Given the random variables $(X_n)_{n\in \Bbb N^*}$ such that $\sqrt{n}X_n$ converges in distribution to the standard normal distribution $$\sqrt{n}X_n \xrightarrow[n \to +\infty]{\mathcal{D}} \mathcal{N}(0,1)$$
Suppose $E(|X_n|) <+\infty$ for all $n\in \Bbb N^*$.
Prove that
$$\sup_{n\in \Bbb N^*}E(|X_n|)<+\infty$$
In other words, there exist an $M <+\infty$ such that $E(|X_n|)<M$ for all $n\in \Bbb N^*$.
My attempt:
Let's write $$E(|X_n|) = E(|X_n|\mathbb{I}_{\{|X_n|\le M_1\}})+ E(|X_n|\mathbb{I}_{\{|X_n|>M_1\}}) $$ with $M_1>0$
The first term is bounded by $M_1$.
About the second term, from an $N$ sufficiently large, we have intuitively $X_n \sim\frac{1} {\sqrt{n}}\mathcal{N}(0,1) $ then $f_{X_n}(x) ~\approx \frac{\sqrt{n}}{\sqrt{2\pi}}\exp\left(-\frac{x^2}{2n} \right)$ hence the linear increasing of $x$ is much less than the decreasing of $f_{X_n}(x)$ for $x>M_1$. Hence, $E(|X_n|\mathbb{I}_{\{|X_n|\le M_1\}})$ will be bounded by a constant $M_2$ for all $n> N$.

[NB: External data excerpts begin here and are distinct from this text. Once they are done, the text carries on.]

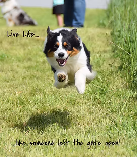 Toga can now be found residing and traveling with handlers Jillayne and Andy Parnell at Hightide Aussies. He adores these humans and the job he's doing with them.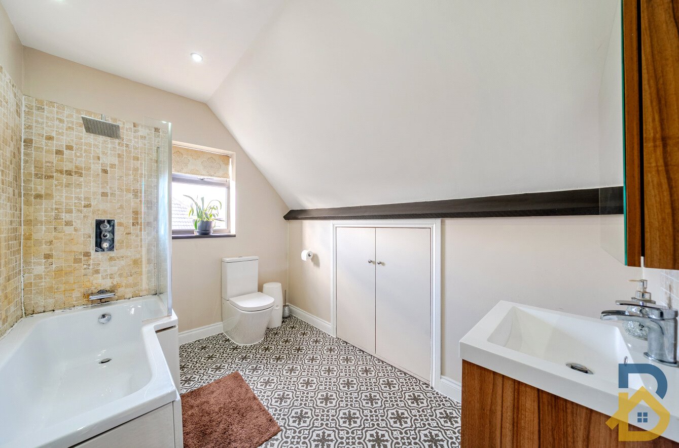 Upstairs, the property offers four well-proportioned bedrooms and a large family bathroom. The primary bedroom features twin windows and built-in storage, with all bedrooms offering comfortable space for families or those needing work-from-home options.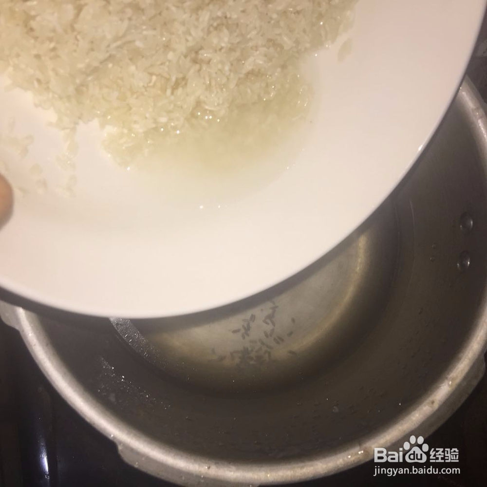 接着往高压锅中加入适量的清水,倒入泡好的大米。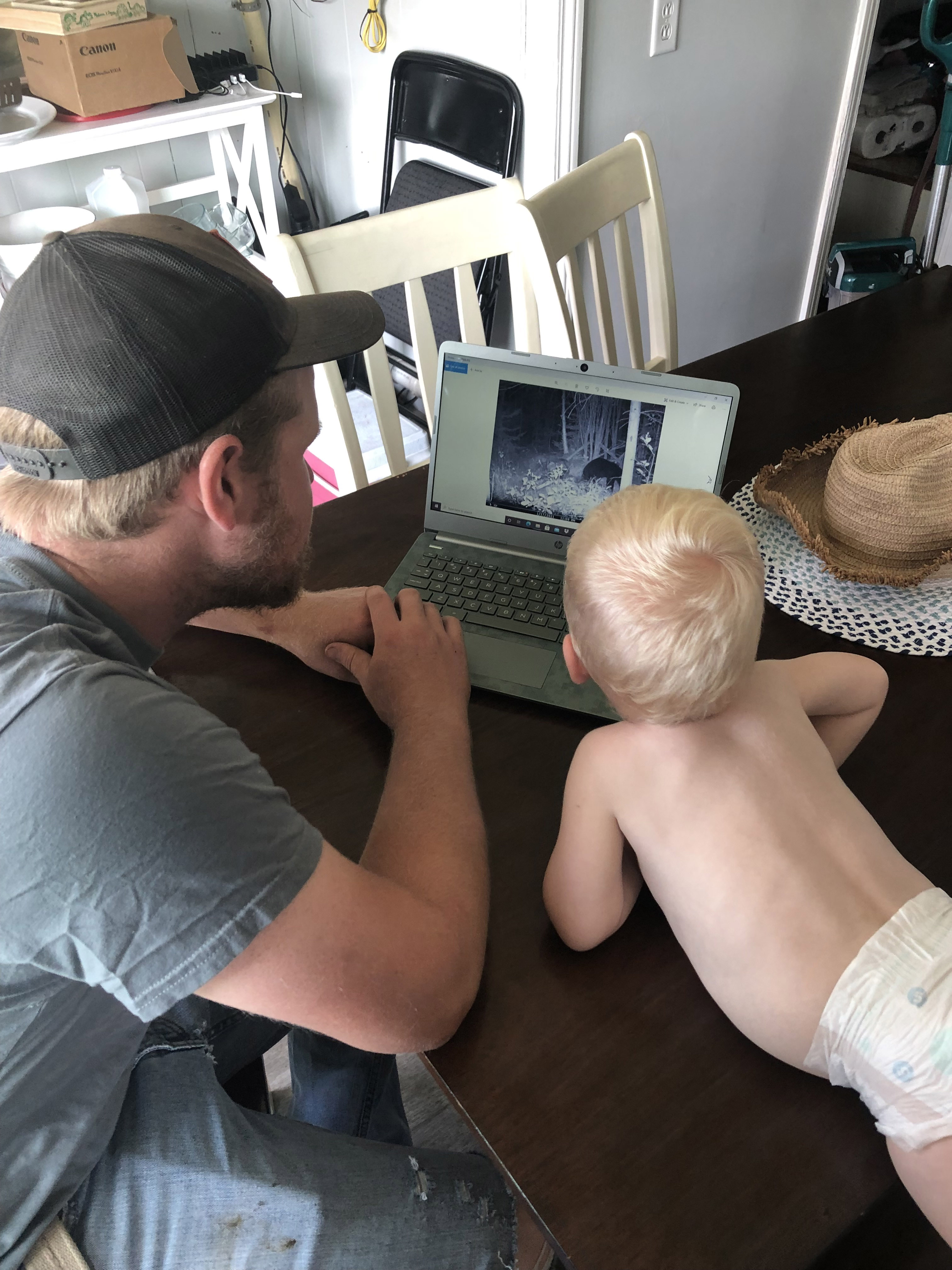 Don and Casey Brown: Don Brown and his son, 2-year-old Casey, review trail camera photos several years ago. Casey is now 5 and involved in mentored youth hunting. (Photo courtesy of Don Brown)

But I haven't been able to formalize this intuition.
Let $X\sim N(0,1)$. Let $Y_n$ take the values $0$ and $n^{2}$ with probabilities $1-\frac 1 {\sqrt n}$ and $\frac 1 {\sqrt n}$ respectively. Let $X_n=\frac X {\sqrt n}+\frac {Y_n} {\sqrt n}$. Since $P(|Y_n| >\epsilon)=\frac 1 {\sqrt n} \to 0$ it follows that $\sqrt n X_n \to X$ in distribution. Howvever, $EX_n \geq 0+\frac {n^{2}} {\sqrt n}\frac 1 {\sqrt n} \to \infty$.